C. Danny Spriggs, the Secret Service agent who put the handcuffs on Hinckley the day he shot Reagan, just hopes the medical professionals got it right.
“It could be very devastating if they didn’t,” Spriggs told The Daily Beast.
Spriggs, who retired in 2004, joined the Secret Service in 1976. After spending his first five years working out of the agency’s Albuquerque Field Office, Spriggs was selected to serve on Reagan’s protective detail.
Speaking by phone on Thursday night, Spriggs said he remembers March 30, 1981, “as if it was yesterday,” describing it as “something you don’t forget.”
“As you very well know, our system of justice allows people to rehabilitate,” Spriggs continued. “In this particular case, it played out that way. The decision makers have decided that it’s time. I don’t agree with that, but that is our system of justice.”

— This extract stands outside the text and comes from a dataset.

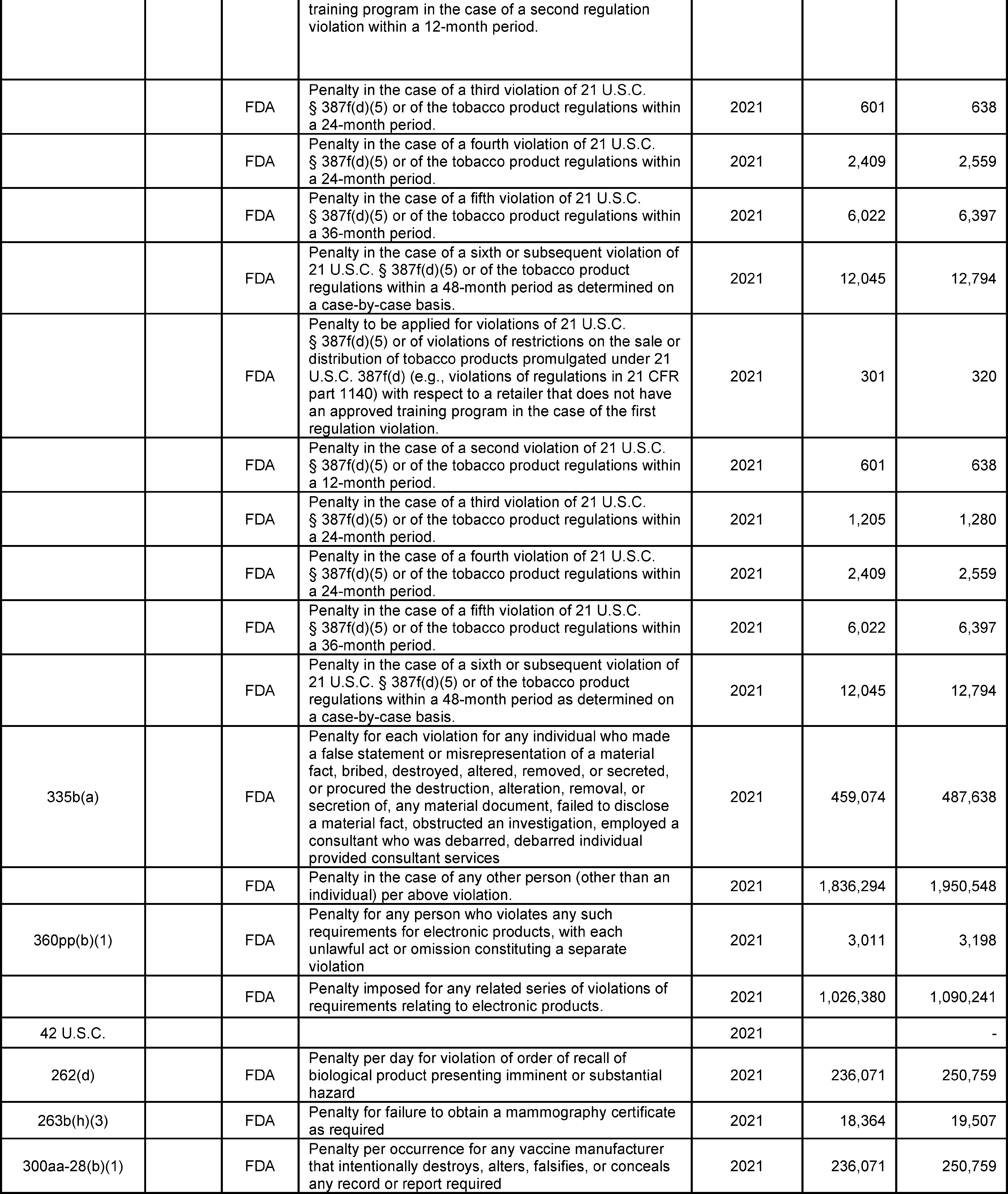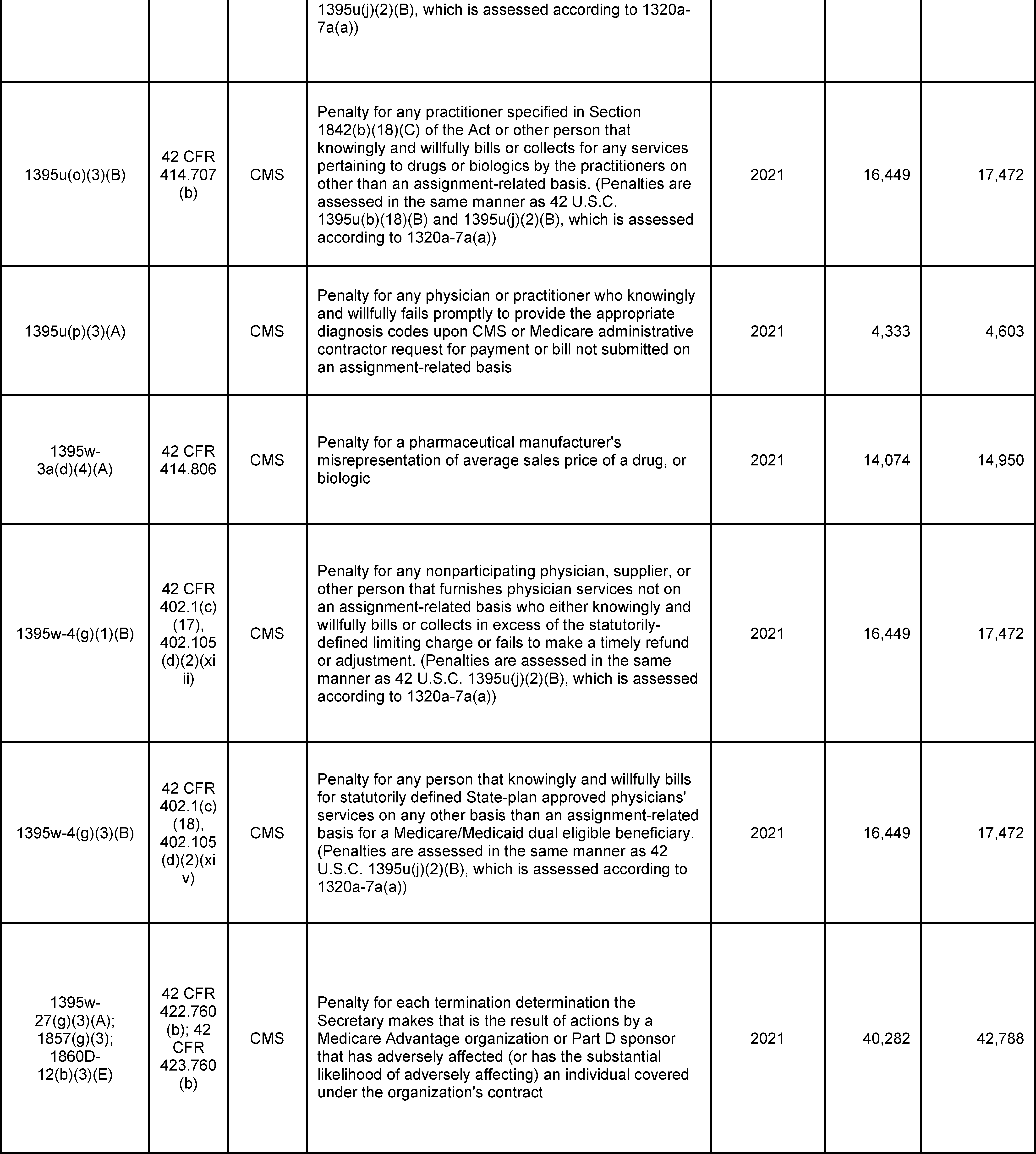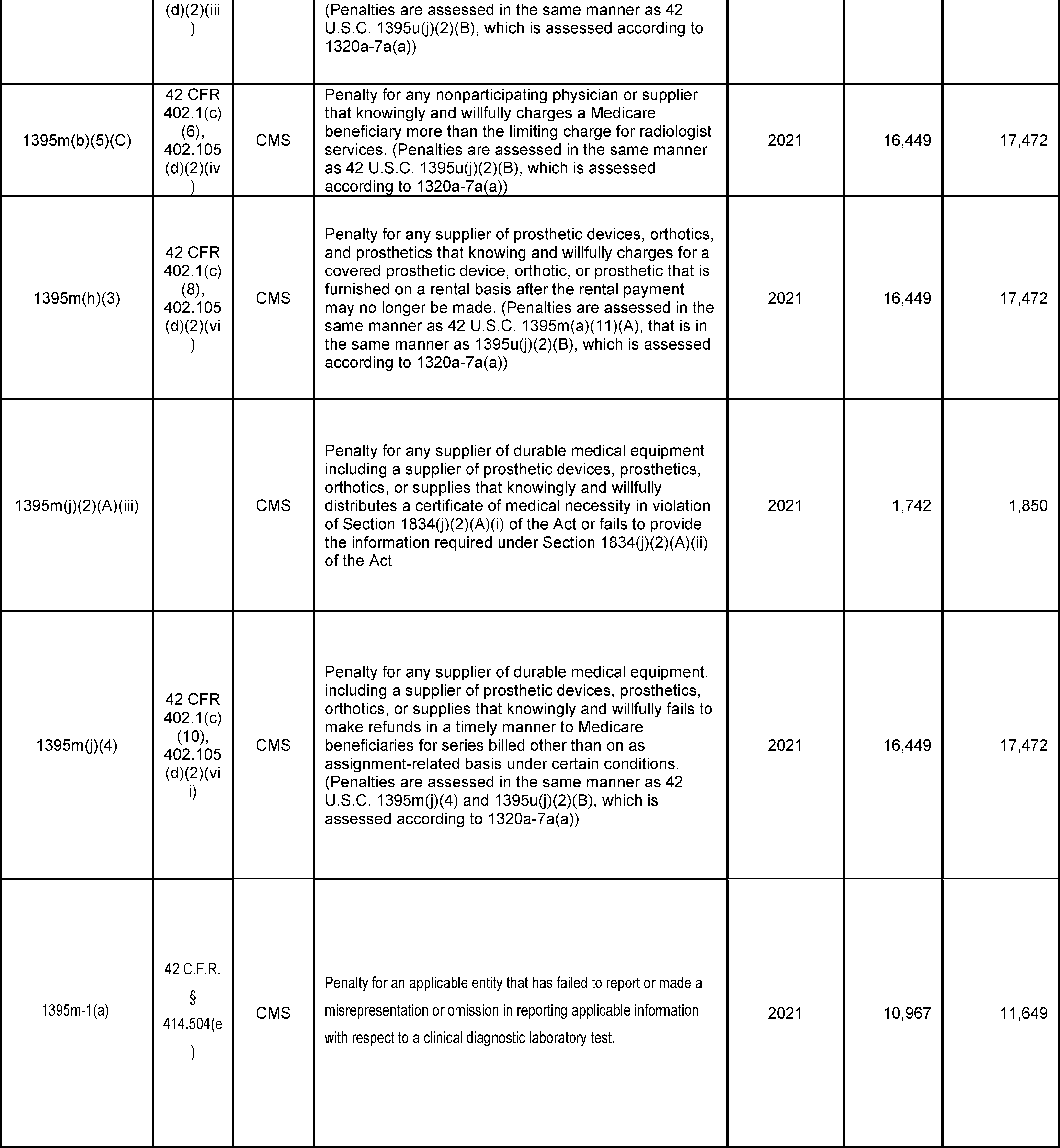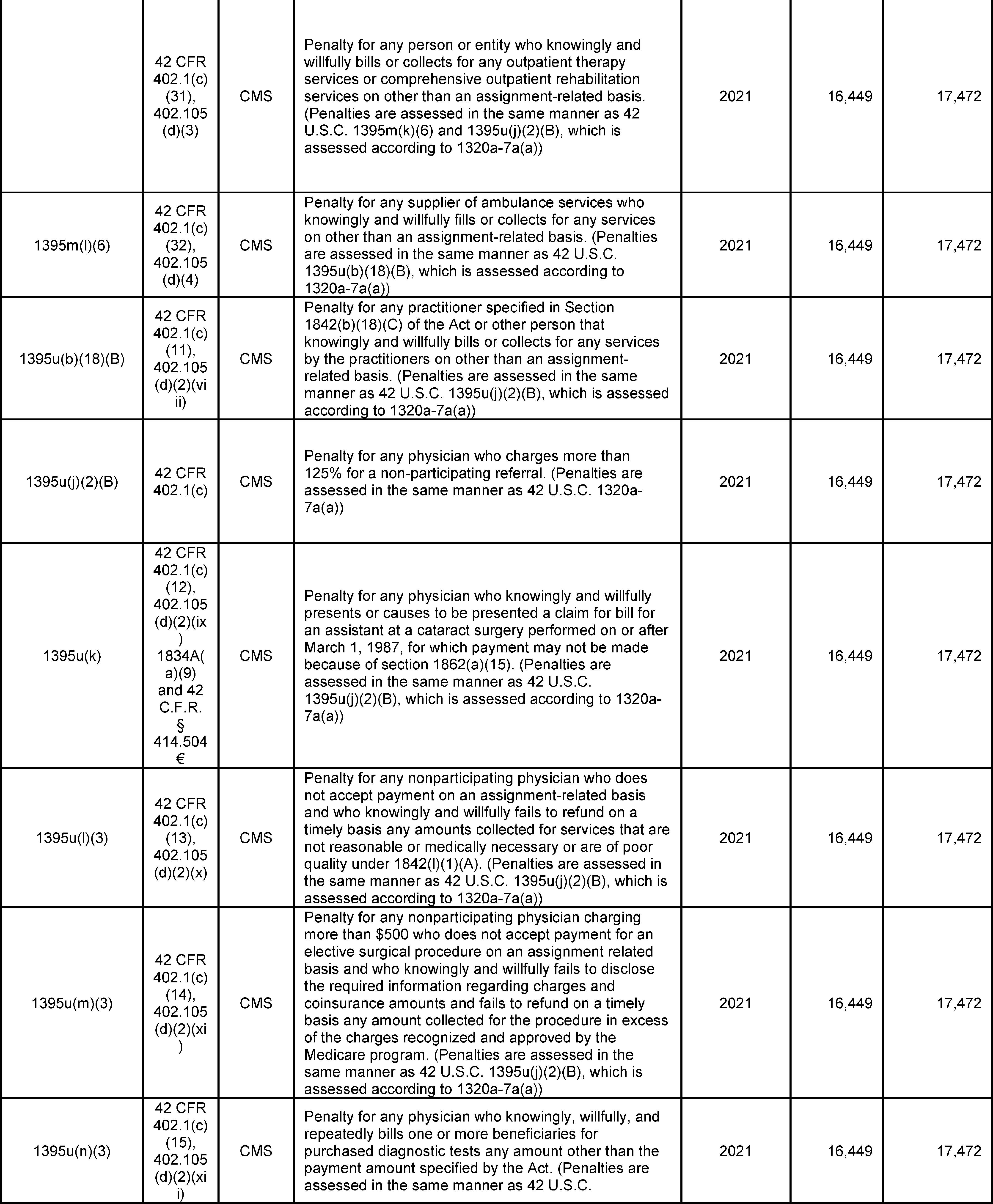 which was inadvertently omitted from the regulation is added. Additionally, the amount for this CMP was not included in the 2021 inflation adjustment rule. 86 FR 62928, 62943 (Nov. 15, 2021). Thus, we are updating the inflation amount at this time.

As the arresting agent, Spriggs was the one who transported Hinckley from the crime scene to book him into jail. In the car, Hinckley was “pretty stoic and didn’t say much,” according to Spriggs. And while it was “obvious” to Spriggs that Hinckley had severe problems, he said physicians later described a level of mental illness he hadn’t personally witnessed.
In a statement provided to The Daily Beast, the Ronald Reagan Presidential Foundation and Institute said it is “both saddened and concerned” about Hinckley’s unconditional release and plan to pursue “a music career for profit.”
“Mr. Hinckley is the man responsible for the attempted assassination of President Reagan and the shooting of three other brave men, one who eventually died of his injuries years later,” the organization said. “We strongly oppose his release into society where he apparently seeks to make a profit from his infamy.”
Reagan’s daughter—and sometime Daily Beast contributor—Patti Davis said in an email that she had “no intention of giving John Hinckley more publicity.” A rep for Ron Reagan, Jr. said the former first son was “not interested in talking about Hinckley.”
Jodie Foster’s publicist and agent did not respond to requests for comment.
Spriggs is interested to see how Hinckley’s release plays out, now that the court’s restrictions have been lifted. But even though Hinckley is no longer being supervised by a judge, that doesn’t necessarily mean the feds aren’t still keeping an eye on him.
As Spriggs said, “I’m not so sure that his file has been purged from the Secret Service indices, if you will.”